Dans la future gamme à disposition des stations, en dehors de ces vedettes de 12 mètres, sont également prévues quelques vedettes légères en aluminium, de 9 mètres. Elles sont très appropriées à l’environnement de certaines stations, par exemple dans le Cotentin. Elles partent de la plage, se faufilent entre les parcs à huîtres. Il faut, pour cela, des coques qui résistent aux frottements. C’est le chantier Cap Caval Marine, à Lesconil, dans le Finistère, qui a été choisi. Il construit déjà pour le secteur de la pêche.

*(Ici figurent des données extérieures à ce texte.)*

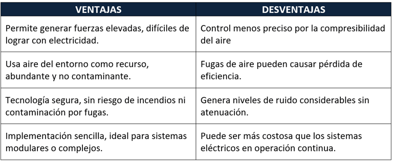 La elección de un sistema neumático frente a uno eléctrico o hidráulico depende de múltiples factores. A continuación, se resumen algunas de sus ventajas y desventajas más relevantes:

Prolonger la durée de vie des moyens existants
L’aluminium, on en retrouvera entouré de boudins en caoutchouc gonflés dans certains des fonds de coque des semi-rigides rapides, qui rendent de plus en plus de services. Comme le navire de sauvetage côtier de type 2 (NSC2), grand semi-rigide à timonerie du CNC, très prometteur comme vrai petit navire de sauvetage. La mise au point a été longue. Mais il est maintenant opérationnel à la station de La Londe-les-Maures (Var), où des bénévoles d’autres stations peuvent aller l’essayer.

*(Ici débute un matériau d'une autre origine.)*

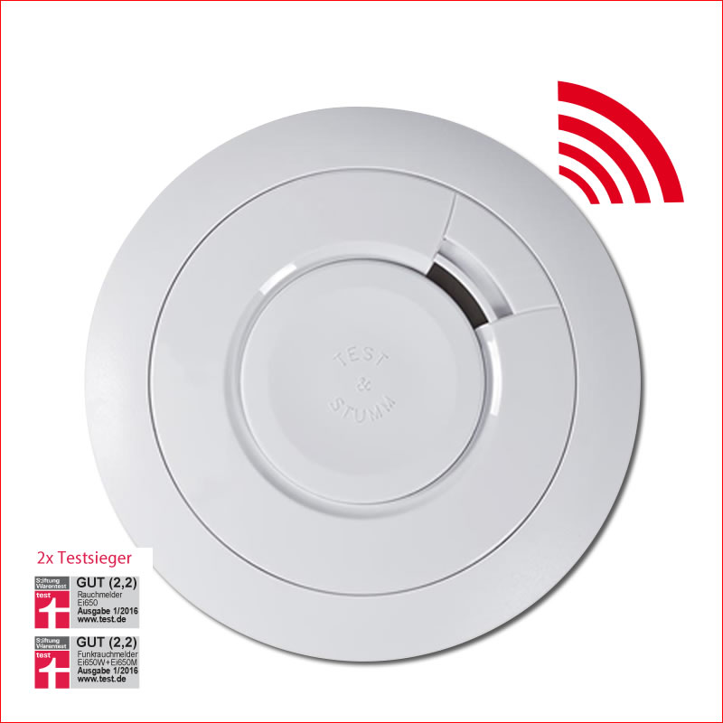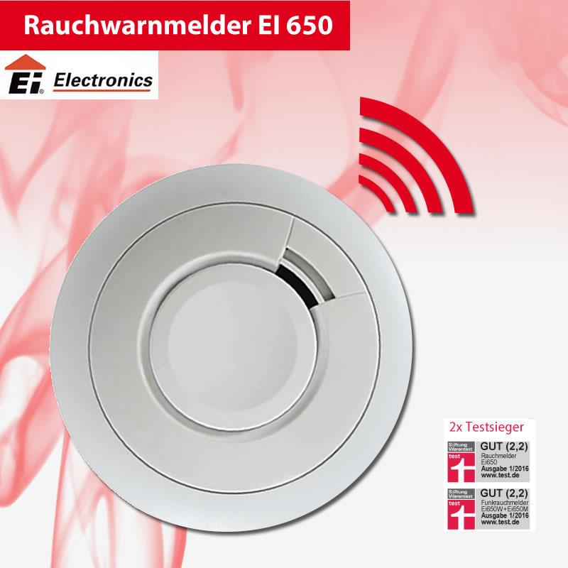 Modell ei-650. Qualitätsrauchmelder mit fix eingebauter 10-Jahres-Batterie. – Automatische Selbsttestfunktion. – Easy-Press-Button für Stummschaltung und Test. – Für Schlafzimmer geeignet, weil ohne LED-Blinksignale. 10+1 Jahre Lebensdauer. 5 Jahre Garantie. Einfache Montage. Testsieger 2016 bei Stiftung Warentest.

Par ailleurs, la direction technique insiste beaucoup sur l’entretien des bateaux existants. Le Pôle de soutien de la flotte a repris la tradition de la « cannibalisation » des navires en fin de vie : il récupère des pièces susceptibles de ne plus être commercialisées ; ce « don d’organe » prolongeant la durée de vie des autres. Le « refit » (ou renouvellement des équipements) des semi-rigides permettra aussi de doubler leur durée de vie tout en dépensant moins que pour acquérir un bateau neuf. Une nécessité dans la période de turbulences financières que connaît aujourd’hui l’association.

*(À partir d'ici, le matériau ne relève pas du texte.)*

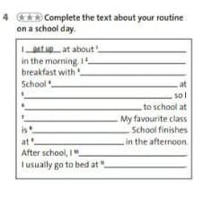 4 Complete the text about your routine on a school day. 1stup at about in the morning. 1. breakfast with School at to school at My favourite class School finishes in the afternoon. is" at After school, I I usually go to bed at
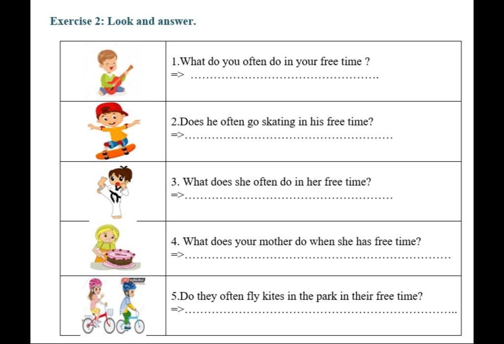 1. What do you often do in free time? (Bạn thường làm gì vào thời gian rảnh rỗi?) =>I often play the guitar Tôi thường chơi đàn guitar
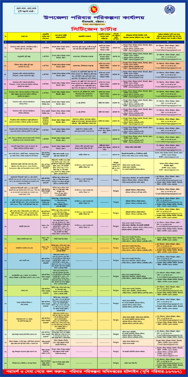 | ০১ | পরিবার পরিকল্পনা বিষয়ক পরামর্শ প্রদান | দায়িত্ব ও কর্তব্য/পরিপত্র | যথাসম্ভব স্বল্পতম সময়ে সেবা প্রদান | পরিবার কল্যাণ পরিদর্শিকা |
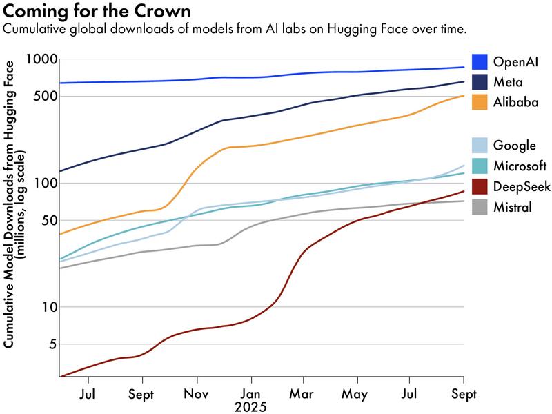 중국 vs 미국 오픈소스 AI 다운로드/성능 비교 차트션 | ![]() |

Normes antipollution et sauvetage en mer
Les navires de sauvetage sont des navires professionnels, même s’ils sont opérés par des bénévoles. Les premiers navires de sauvetage hauturiers de type1 (NSH1), fers de lance de la nouvelle flotte, ne disposent pas des équipements de dépollution des oxydes d’azote, désormais obligatoires. Le gouvernement Barnier a exempté quatre navires de la SNSM. Cette dernière et le Chantier Naval Couach vont tout faire pour intégrer ces équipements aux prochains navires, « en espérant que les motoristes aient progressé pour limiter le poids et l’encombrement », précise Baptiste Fantin. Même si la plupart des autres pays européens n’ont pas imposé cette norme aux sauveteurs, qui naviguent peu, donc polluent peu.
Plus petit, moins cher
Pendant que le renouvellement de la flotte prenait du retard, l’inflation a fait un retour (re)marqué. Dans le même temps, la visibilité financière de la SNSM s’est détériorée, notamment à cause de la baisse des subventions publiques. Quelles solutions pour s’équiper en nouveaux bateaux dans ce contexte ? « Voir plus petit, quand c’est possible », suggère Baptiste Fantin. Des stations qui n’interviennent pas trop loin et par temps maniable font des merveilles avec un semi-rigide, moins coûteux qu’une vedette classique. S’il faut aller au secours d’un trop gros bateau et/ou affronter une mer trop grosse, on pourra faire appel à une autre station de la zone.
Article rédigé par Jean-Claude Hazera.